Comment 0 for bug 1836913

Revision history for this message
Christian Ehrhardt  (paelzer) wrote : crash (on ppc64) hen restarting numad while huge guest is active

I found that "by accident" while verifying another fix for numad.
It seems (at least on a power 9 box) that if you have a huge kvm guest running and restart numad that it crashes.

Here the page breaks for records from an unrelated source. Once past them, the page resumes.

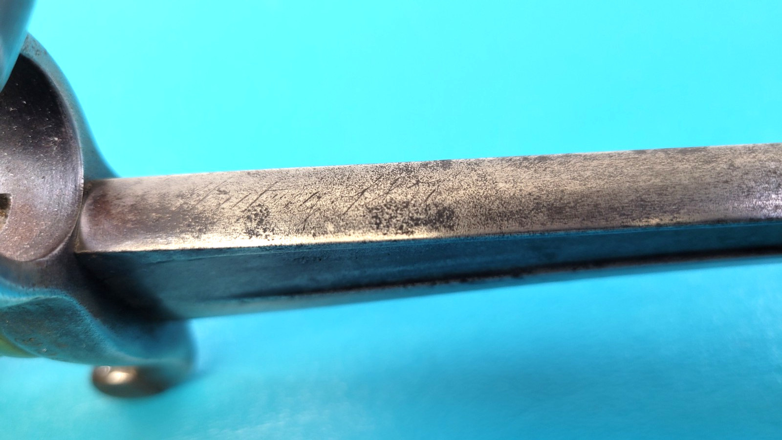 French Model 1842 Sword Bayonet + Sheath. 27.5" OAL, 22.6" blade. Very good condition showing age patina, wear, use, some scattered pin-prick pitting. S/N 999 with scabbard showing a 907. Top of blade signed, ricasso shows cartouches, numbered on top area of spine handle, other side of guard is stamped with a cartouche and W43. Excellent working press-stud, comes with a dent free scabbard which is difficult to find. See photos!
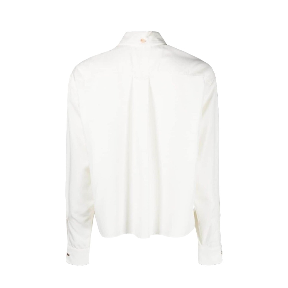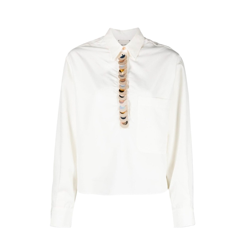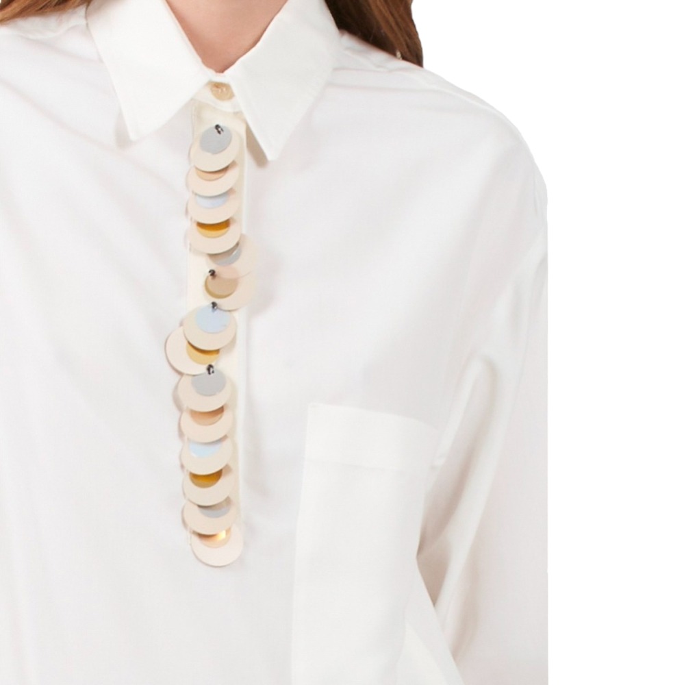 Camicia con paillettes di Alysi in misto modal, decorazione con paillettes sul fronte, dettaglio con pieghe a cannone, colletto classico, chiusura frontale con bottoni, maniche lunghe, orli con bottone e orlo dritto.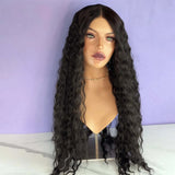 Yeknu Jet Black Wig Deep Curly Lace Wig Synthetic Hair Lace Front Wig Natural Long Black Colored Lace Frontal Wigs for Women Party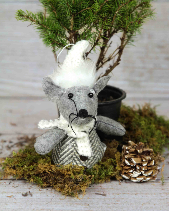 The Plush Grey Mouse Ornament is an adorable and cozy addition to your holiday decor. This soft, plush mouse is crafted from grey felt and features charming details like black bead eyes, a black nose, string whiskers, and dangling arms. Its white hat and matching scarf add a festive touch!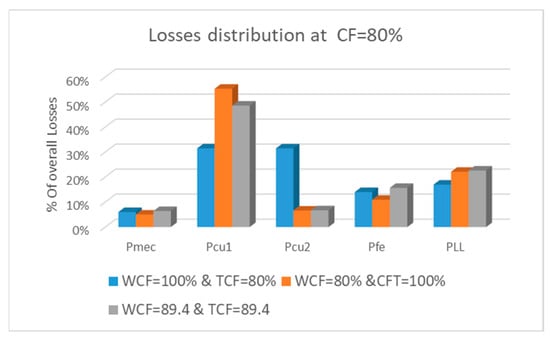 To obtain a better understanding of the influence of torque and speed on the different types of losses, several cases were defined for a total Capacity Factor (CF) in the range of 4–100%.
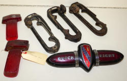 #852 - Lot of Car Parts--Buick Eight Emblem and Cast Iron Convertible Top parts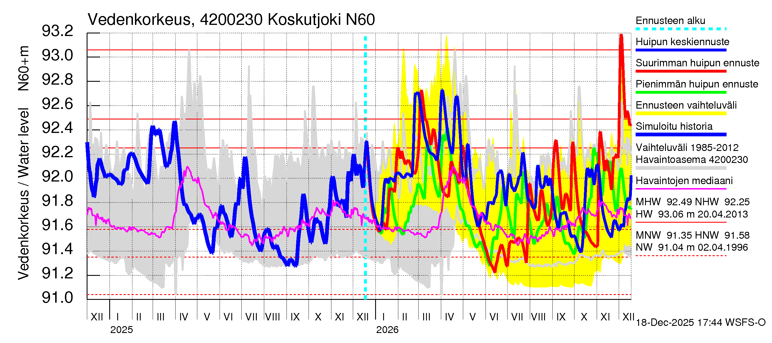 Kyrönjoen vesistöalue - Koskutjoki: Vedenkorkeus - huippujen keski- ja ääriennusteet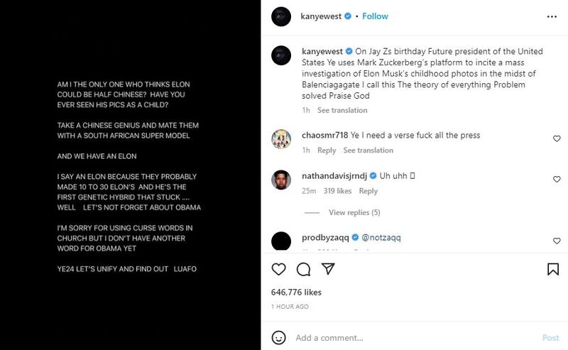 Una decisión que terminó por enfrentar al rapero contra el millonario y que este domingo sumó un nuevo episodio, luego de que el ex de Kim Kardashian subiera a su cuenta de Instagram un mensaje planteando que Elon Musk es mitad chino. "¿Soy el único que piensa que Elon podría ser mitad chino? ¿Han visto sus fotos cuando chico?", escribió.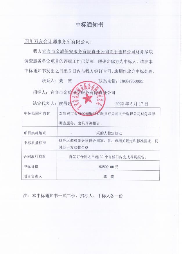 2022年5月,我公司入选宜宾市金盾保安服务责任公司关于选择公司财务尽职调查服务项目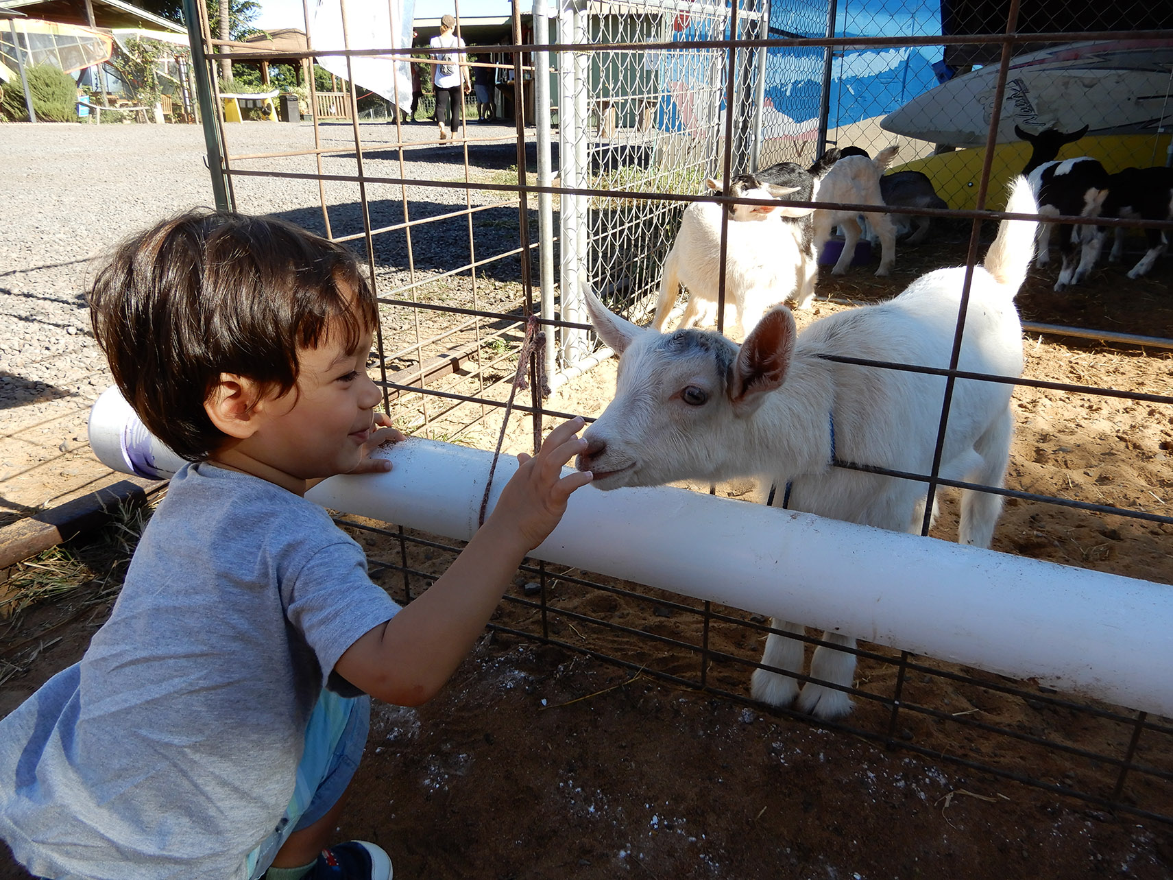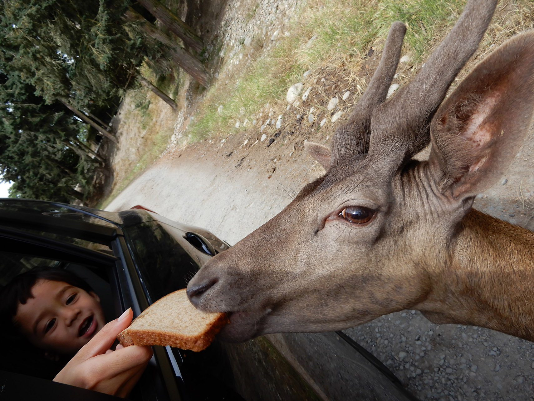 The main part of the park is a driving course where you move slowly along the road and stop to feed llamas, yaks, deer, antelope, and more. Not to mention the famous waving kodiak bears (though they didn't seem to be in a waving mood for us). Zack did love it, though he couldn't seem to bring himself to feed the larger animals directly (he had Connie do it). Isaac, on the other hand, got a bit freaked out when the animals started putting their heads inside the car. It took us about an hour for a leisurely drive, and to use up all our bread (on that note, unless you're by yourself, I'd recommend getting at least two loaves). After that, we spent a while longer in the play area which featured a goat petting zoo, reptile room, and a few other animals and things for the kids to play on.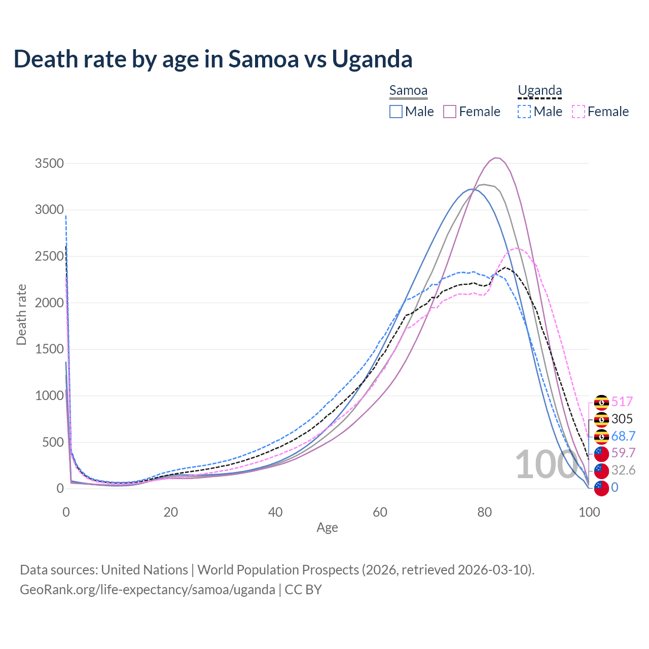 In Samoa, the most common age of death is 80, compared to 0 in Uganda. The median age of death is 75.9 in Samoa and 73.3 in Uganda, meaning only half of each cohort is expected to live past that age.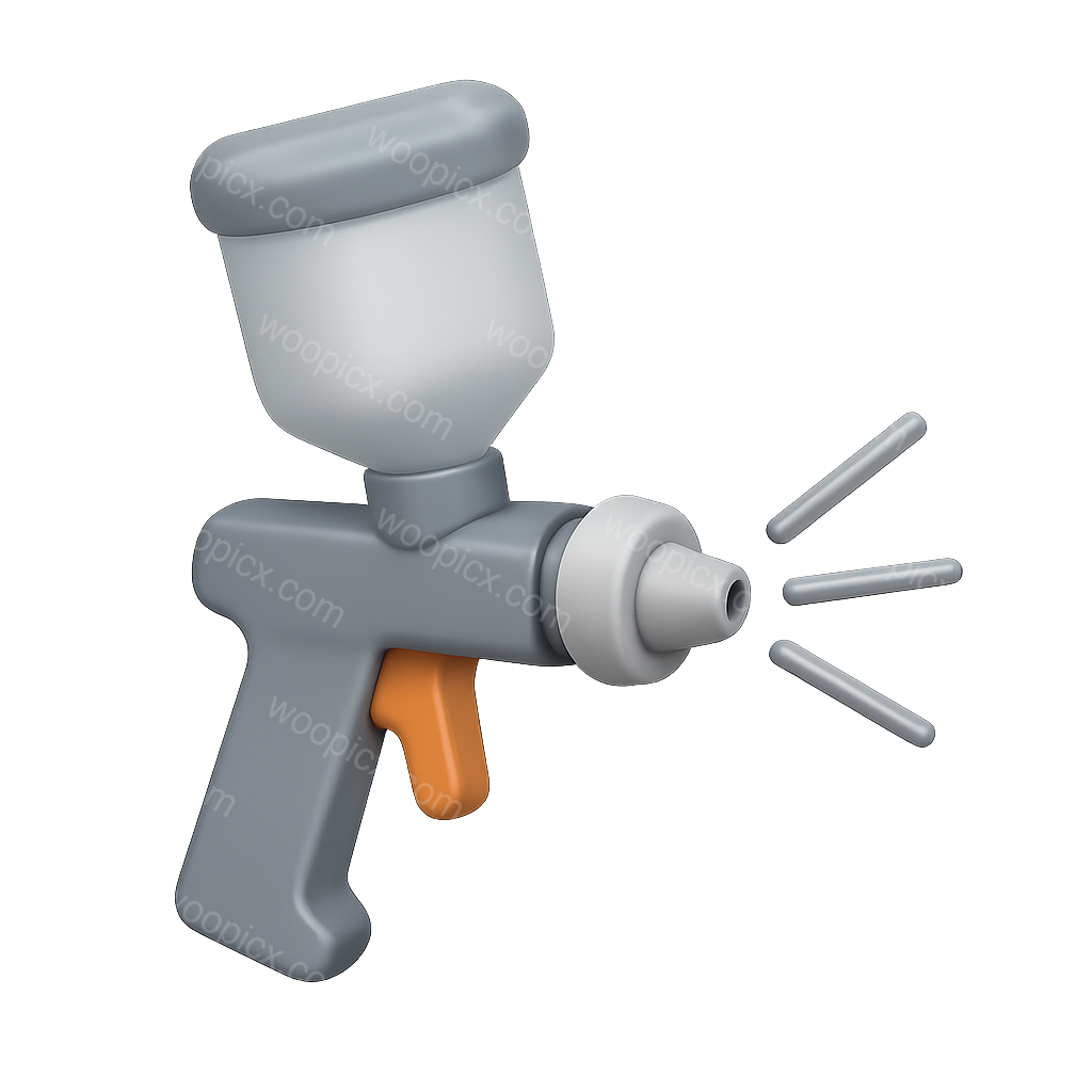 A visually appealing 3D icon of a paint sprayer, featuring a spray gun design with a transparent background and volumetric detailing. It showcases a three-quarter view with a realistic appearance.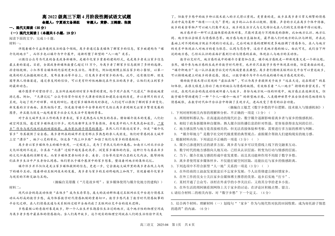 四川省成都市树德中学2024-2025学年高三下学期4月月考语文+答案
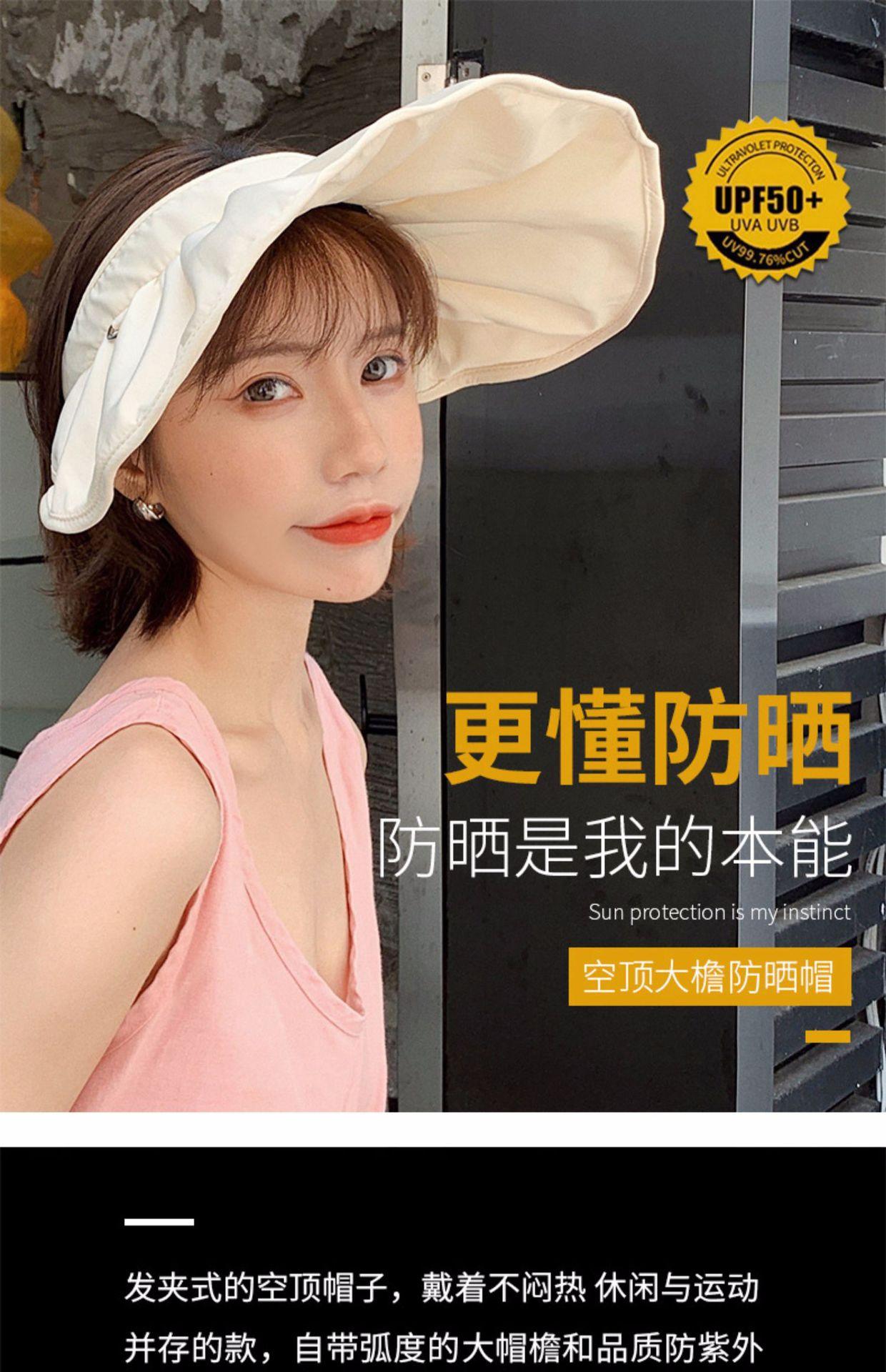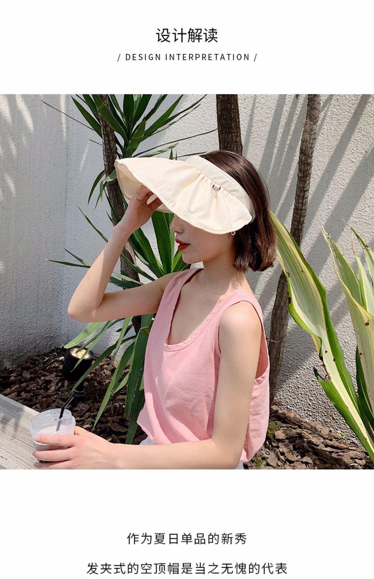 Sombrero de aro para el cabello para mujer, sombrilla, anti-ultravioleta, a prueba de sol, plegable, con parte superior vacía, ala grande, que cubre la cara, sombrero de concha, sombrero de moda para verano

The crash seems related to some re-init of a static structure:

stack trace ---
#0 tcache_get (tc_idx=<optimized out>) at malloc.c:2950
        e = 0x9a5ddc1950
        e = <optimized out>
        __PRETTY_FUNCTION__ = "tcache_get"
#1 __GI___libc_malloc (bytes=16) at malloc.c:3058
        ar_ptr = <optimized out>
        victim = <optimized out>
        hook = <optimized out>
        tbytes = <optimized out>
        tc_idx = <optimized out>
        __PRETTY_FUNCTION__ = "__libc_malloc"
#2 0x0000009a300279a0 in ?? ()
No symbol table info available.
#3 0x0000009a3002cad8 in ?? ()
No symbol table info available.
#4 0x0000009a30023794 in ?? ()
No symbol table info available.
#5 0x00007a6150998278 in generic_start_main (main=0x9a30022a00, argc=<optimized out>, argv=0x7fffe93a7828, auxvec=0x7fffe93a7880, init=<optimized out>, rtld_fini=<optimized out>, stack_end=<optimized out>, fini=<optimized out>) at ../csu/libc-start.c:308
        self = 0x7a6150dc38d0
        result = <optimized out>
        unwind_buf = {cancel_jmp_buf = {{jmp_buf = {8465053667230565969, 134558384812288, 8465057470262718529, 0 <repeats 13 times>, 134558387008032, 0, 134558387008040, 662230455376, 0, 2449962883098869759, 0 <repeats 42 times>}, mask_was_saved = 0}}, priv = {pad = {0x0, 0x0, 0x7fffe93a7700, 0x0}, data = {prev = 0x0, cleanup = 0x0, canceltype = -382044416}}}
        not_first_call = <optimized out>
#6 0x00007a6150998484 in __libc_start_main (argc=<optimized out>, argv=<optimized out>, ev=<optimized out>, auxvec=<optimized out>, rtld_fini=<optimized out>, stinfo=<optimized out>, stack_on_entry=<optimized out>) at ../sysdeps/unix/sysv/linux/powerpc/libc-start.c:116
No locals.
#7 0x0000000000000000 in ?? ()
No symbol table info available.
--- source code stack trace ---
#0 tcache_get (tc_idx=<optimized out>) at malloc.c:2950
  [Error: malloc.c was not found in source tree]
#1 __GI___libc_malloc (bytes=16) at malloc.c:3058
  [Error: malloc.c was not found in source tree]
#2 0x0000009a300279a0 in ?? ()
#3 0x0000009a3002cad8 in ?? ()
#4 0x0000009a30023794 in ?? ()
#5 0x00007a6150998278 in generic_start_main (main=0x9a30022a00, argc=<optimized out>, argv=0x7fffe93a7828, auxvec=0x7fffe93a7880, init=<optimized out>, rtld_fini=<optimized out>, stack_end=<optimized out>, fini=<optimized out>) at ../csu/libc-start.c:308
  [Error: libc-start.c was not found in source tree]
#6 0x00007a6150998484 in __libc_start_main (argc=<optimized out>, argv=<optimized out>, ev=<optimized out>, auxvec=<optimized out>, rtld_fini=<optimized out>, stinfo=<optimized out>, stack_on_entry=<optimized out>) at ../sysdeps/unix/sysv/linux/powerpc/libc-start.c:116
  [Error: libc-start.c was not found in source tree]
#7 0x0000000000000000 in ?? ()

I thought at first this would be related to my debug rebuilds, but it seems to appear as-is.